細胞骨格制御とがんの浸潤・転移の分子機構

细胞骨架调控与癌症侵袭/转移的分子机制

基本信息

批准号：
17014073
负责人：
中西宏之
金额：
$ 3.26万
依托单位：
Kumamoto University
依托单位国家：
日本
项目类别：
Grant-in-Aid for Scientific Research on Priority Areas
财政年份：
2005
资助国家：
日本
起止时间：
2005 至无数据
项目状态：
已结题

项目摘要

私共は、チュブリン・微小管結合タンパク質を検出するアッセイ法を開発し、新しい微小管結合タンパク質(p100)の単離に成功している。さらに私共は、ラット脳より微小管に結合するタンパク質を一括して精製し、それらを質量分析によって網羅的に解析しており、これまで新しい分子(g180、p110、p90)を発見している。本研究において、これらの新しい分子を解析し、以下の成果を得た。1.p100のN末端側は、in vitroでリン脂質のホスファチジルセリンとホスファチジルイノシトール4,5二リン酸に強く結合し、リポソームをチューブ状に変形させることを見出した。さらにp100を細胞に過剰発現させると、細胞膜がチューブ状に変形した。一方p100のC末端側は、クラスリン被覆ピットと小胞のコンポーネントであるEps15と結合することを明らかにした。微小管はクラスリン被覆小胞のソーティングに関わっていることが報告されている。したがって、p100はクラスリン被覆ピットや小胞の形成に関わり、初期のエンドサイトーシスのステップに機能していると考えられる。また、p100はRac低分子量Gタンパク質によって惹起されるラッフル膜に集積しており、エンドサイトーシスを介して細胞運動に関与していることが予想される。2.Mycタグを付加したp180を細胞に発現させると、p180は一次線毛に局在することを見出した。p110は、濁度法とローダミン-チュブリンを用いた解析より微小管形成を促進することを明らかにした。
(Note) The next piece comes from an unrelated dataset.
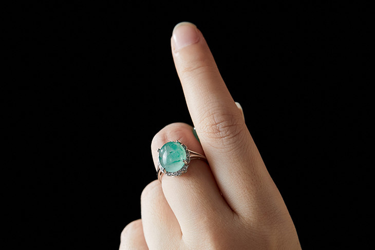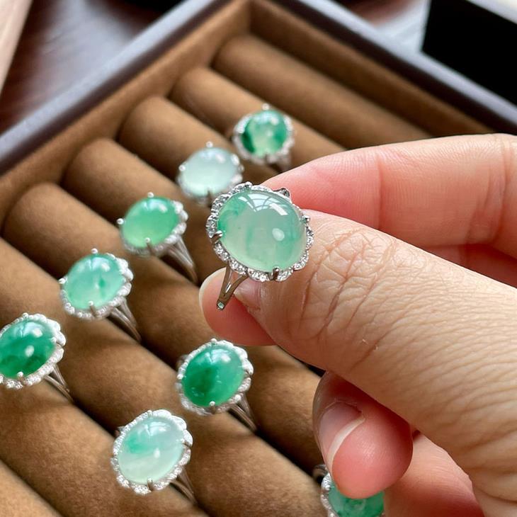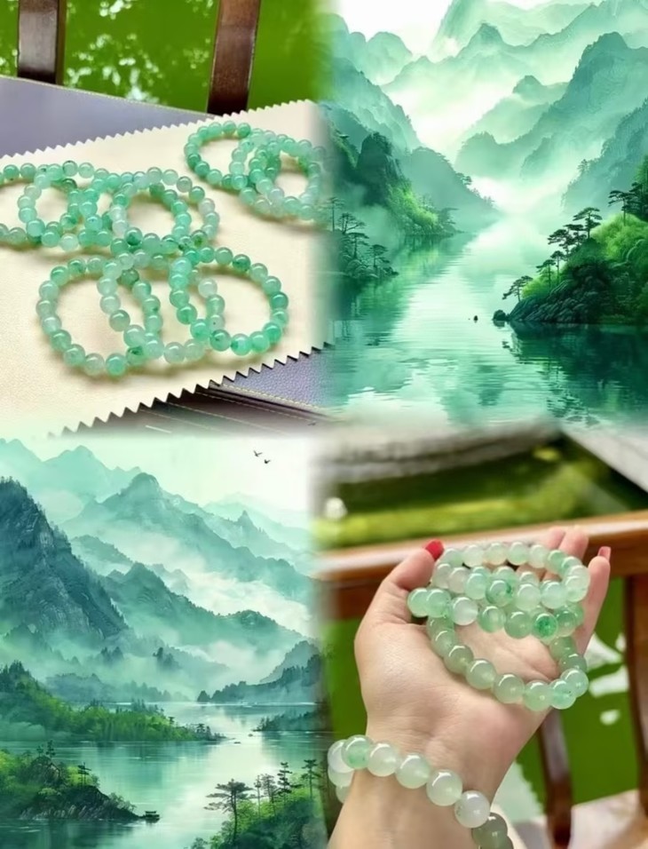 这款冰种飘绿,就像一汪清泉,亦似青山云雾,每一颗都独一无二。

またp100は、サイクリン依存性タンパク質リン酸化酵素5(CDK5)によって少なくとも2カ所リン酸化され、このリン酸化によって微小管結合活性が抑制された。p90は微小管非体存的に中心体に局在した。このように本研究は予想以上に進展し、当初の目的をほぼ達成するこができた。
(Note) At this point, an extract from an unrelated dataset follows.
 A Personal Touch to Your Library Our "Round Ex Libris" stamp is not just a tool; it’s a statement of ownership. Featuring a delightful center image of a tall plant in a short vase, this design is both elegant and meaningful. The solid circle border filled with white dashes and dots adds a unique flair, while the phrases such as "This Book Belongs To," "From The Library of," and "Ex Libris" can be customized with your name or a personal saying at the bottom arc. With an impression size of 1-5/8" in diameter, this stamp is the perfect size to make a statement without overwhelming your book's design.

我们开发了一种检测微管蛋白-微管相关蛋白的测定方法，并成功分离出一种新的微管相关蛋白（p100）。此外，我们还从大鼠脑中大量纯化了与微管结合的蛋白质，并使用质谱法对其进行了全面分析，迄今为止已经发现了新的分子（g180、p110、p90）。在这项研究中，我们分析了这些新分子并获得了以下结果。 1.我们发现p100的N端在体外与磷脂酰丝氨酸和磷脂酰肌醇4,5二磷酸强烈结合，使脂质体变形为管状。此外，当细胞过度表达p100时，细胞膜变形为管状。另一方面，p100 的 C 端侧被发现与 Eps15 结合，Eps15 是网格蛋白包被的小凹和囊泡的组成部分。据报道，微管参与网格蛋白包被的囊泡的分选。因此，p100 参与网格蛋白包被的小凹和囊泡的形成，并且被认为在早期内吞步骤中发挥作用。此外，p100在Rac低分子量G蛋白诱导的褶皱膜中积聚，并有望通过内吞作用参与细胞运动。 2.我们发现当Myc标记的p180在细胞中表达时，p180定位于初生菌毛。使用比浊法和罗丹明微管蛋白分析表明p110促进微管形成。此外，p100 的至少两个位点被细胞周期蛋白依赖性蛋白激酶 5 (CDK5) 磷酸化，并且这种磷酸化抑制了微管结合活性。 p90 以不依赖于微管的方式定位于中心体。就这样，这项研究的进展超出了我们的预期，我们能够实现大部分最初的目标。